数学的には、\( x_i \) に関する \( f \) の偏微分は次のように定義されます: \[ \dfrac{\partial f}{\partial x_i} = \lim_{h \to 0} \dfrac{f(x_1, x_2, ..., x_i + h, ..., x_n) - f(x_1, x_2, ..., x_i, ..., x_n)}{h} \] この定義は、\( x_i \) の変数に小さな変化 \( h \) を加えた際の商の極限として偏微分を定義しており、他の変数は固定されたままです。

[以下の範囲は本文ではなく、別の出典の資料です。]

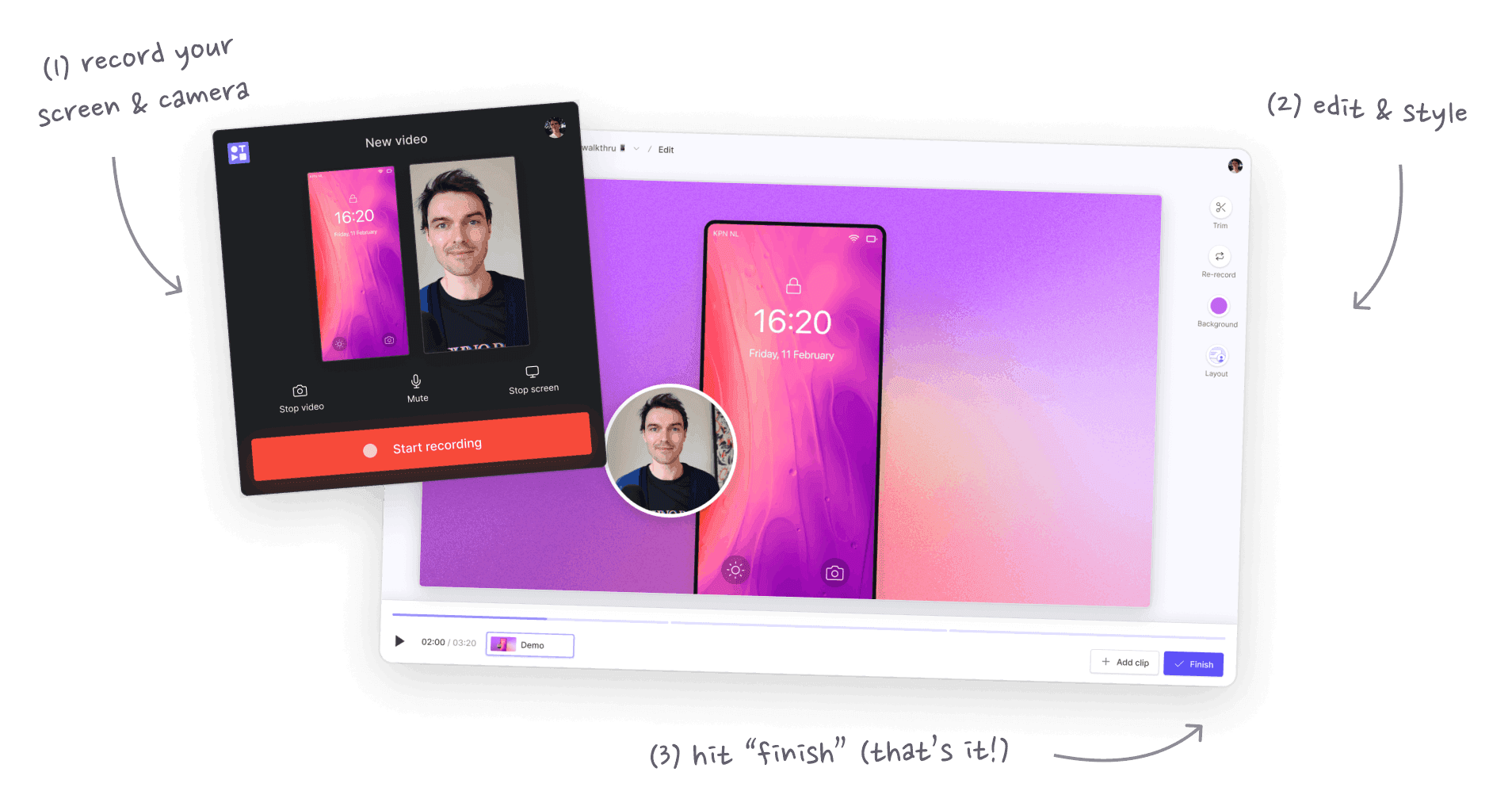 Once you’ve recorded your clips you can customise and edit them. Trim clips so that they start and end where you want. Choose custom backgrounds and layouts that work best with the mobile screen size.

偏微分は、他の変数を固定した状態で、1つの変数に関して関数がどのように変化するかを分析するのに役立ちます。
たとえば、\( f(x, y) \) の \( x \) に関する偏微分 \( \dfrac{\partial f}{\partial x} \) を計算する際には、\( y \) を定数として扱います。
同様に、\( f \) の \( y \) に関する偏微分 \( \dfrac{\partial f}{\partial y} \) を計算する際には、\( x \) を定数として扱います。つまり、\( f \) が \( y \) の変化に対してどのように変わるかを考え、\( x \) は一定とします。
これが偏微分の基本概念であり、他の変数を固定しながら1つの変数に対して関数がどのように変化するかを分析します。

偏微分は、微積分、微分方程式、最適化、および物理学、経済学、工学などのさまざまな科学分野で広く使用されています。それらは多変数微積分や複数の独立変数を持つシステムの解析において重要な役割を果たします。偏微分計算機が含まれており、計算の確認に使用できます。

例と解答

例1

次の関数 \( f \) の \( x \) に関する偏微分 \( \dfrac{\partial f}{\partial x} \) と、\( y \) に関する偏微分 \( \dfrac{\partial f}{\partial y} \) を計算せよ。 \[ f(x, y) = 3x^2 + 4xy - y^2 \].

例1の解答

1. \( 3x^2 + 4xy - y^2 \) の \( x \) に関する偏微分:

\( f \) の \( x \) に関する偏微分を計算します。 \[ \dfrac{\partial f}{\partial x} = \dfrac{\partial}{\partial x} (3x^2 + 4xy - y^2) \] 和の微分則を使用して \[ \dfrac{\partial f}{\partial x} = \dfrac{\partial}{\partial x} (3x^2) + \dfrac{\partial}{\partial x} (4xy) - \dfrac{\partial}{\partial x} (y^2) \] 注意: 関数 \( f(x, y) \) の \( x \) に関する偏微分を計算する際には、\( y \) を定数として扱います。 累乗則を使うと \[\dfrac{\partial}{\partial x} (3x^2) = 6x \] \[ \dfrac{\partial}{\partial x} (4xy) = 4y\] \[\dfrac{\partial}{\partial x} (y^2) = 0\] したがって \[ \dfrac{\partial f}{\partial x} = 6x + 4y - 0\] \[ \dfrac{\partial f}{\partial x} = 6x + 4y \].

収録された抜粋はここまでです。